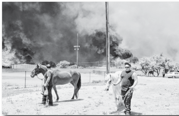
Residents work to move horses to safe area after a fire breaks out behind the Kearny Corrals.

The blaze burned for three days and forced the evacuations of 300 Kearny residents. Five structures
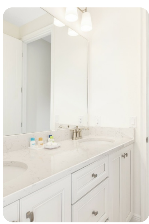
Margaritaville 108 | Page 3 of 8
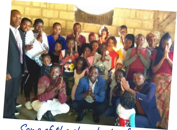
Some of the church stop for a "Thank You" photo
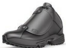
BLACK (WIDTH EE) 7355-0101E
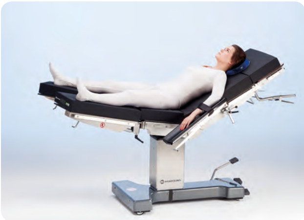
Lithotomy position with divided leg sections for, e.g., laparoscopic and bariatric surgery
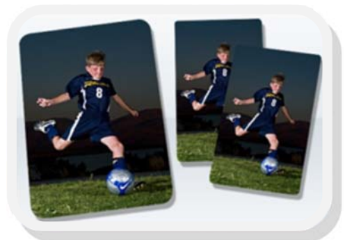
MAGNETS - 2 - $15
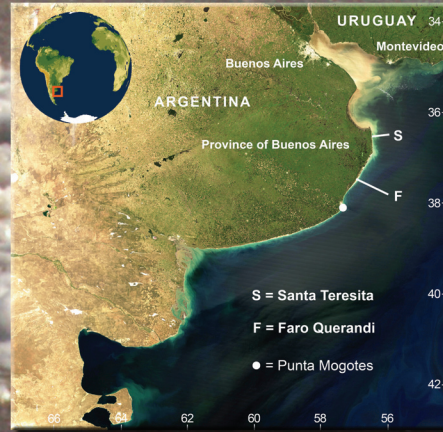
Fig. 1: Map of the study sites “Santa Teresita” and “Faro Querandi”. Punta Mogotes is the southernmost distribution for D. hanleyanus .

The population structure of D. hanleyanus was studied monthly at the dissipative, anthropogenically affected sandy beach “Santa Teresita” (36°32’S, 56°41’W) from December 2004 to December 2006 and at an exposed, nature protected sandy beach “Faro Querandi” (37°29’S, 57°07’W) from March 2005 until December 2006. Quantitative samples to determine abundances and growth parameters were taken from a series of stations (4m intervals) along a transect perpendicular to the shoreline from the spring tide high water mark to the low tide water mark. At each station, three replicates were taken to 35cm depth with a 0.16m 2 corer. The sand was sieved on a 1mm mesh. Maximum anterior-posterior length shell of each individual was measured to the lower 0.1mm with vernier callipers to obtain monthly length-frequency distributions.
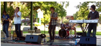
Argyle Band from the 2012 Concerts in the Park Series
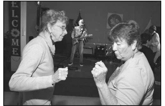
Two attendees dancing the afternoon away.

moved to the groove. A band member even walked around singing to tables of people and had them sing along too!
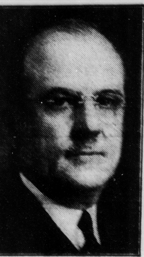
Francis P. Matthews, President of the K. of C. Parley, opens at home.
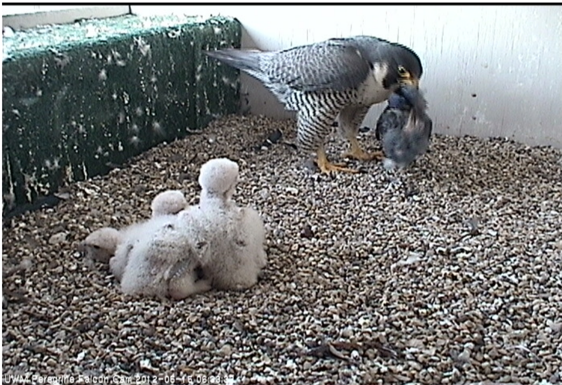
UWM Peregrine Falcon Cam 2012-05-15 08:08:09 5-15-2012 - Breakfast is on its way.
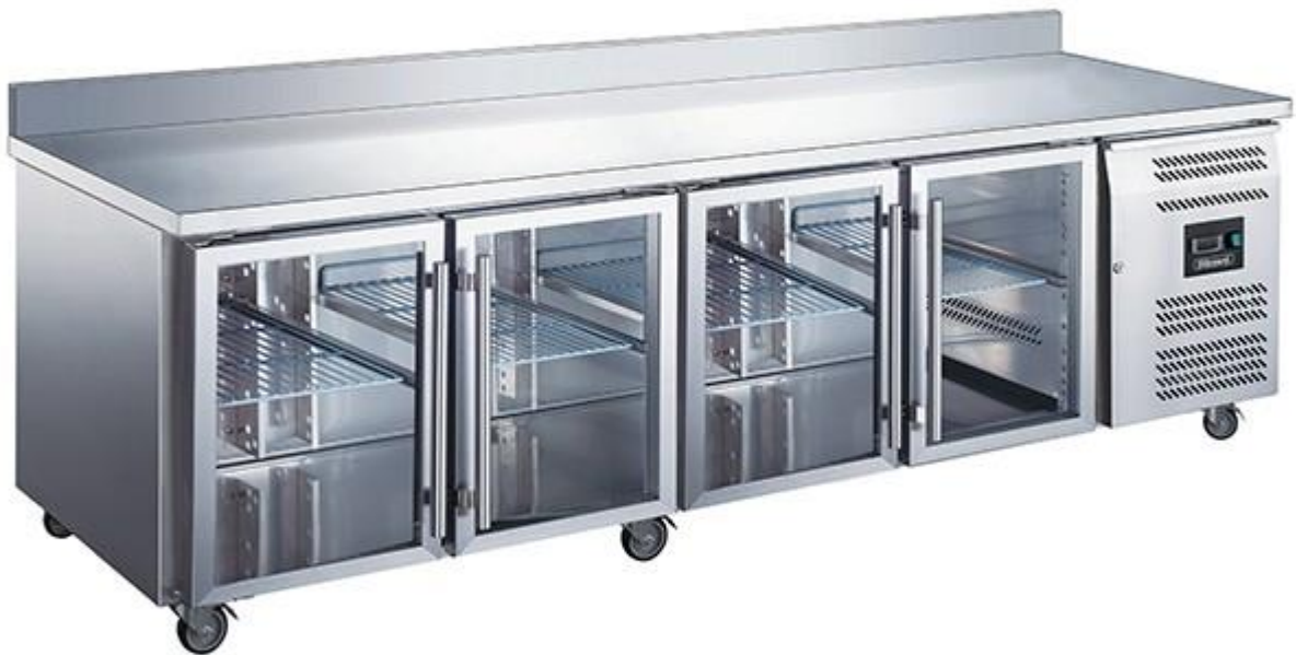
Image shown is HBC4CRXX With Upstand
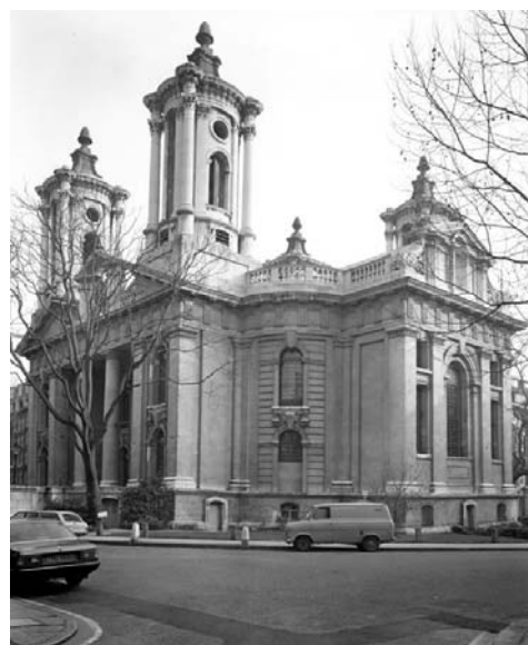
St John the Evangelist, Smith Square
====================
• [What needs to be done] Output a verbatim copy of the lines from the line containing "Image shown is HBC4CRXX With Upstand" through the end of the data, both included, without any images.

• [Output]
Image shown is HBC4CRXX With Upstand
St John the Evangelist, Smith Square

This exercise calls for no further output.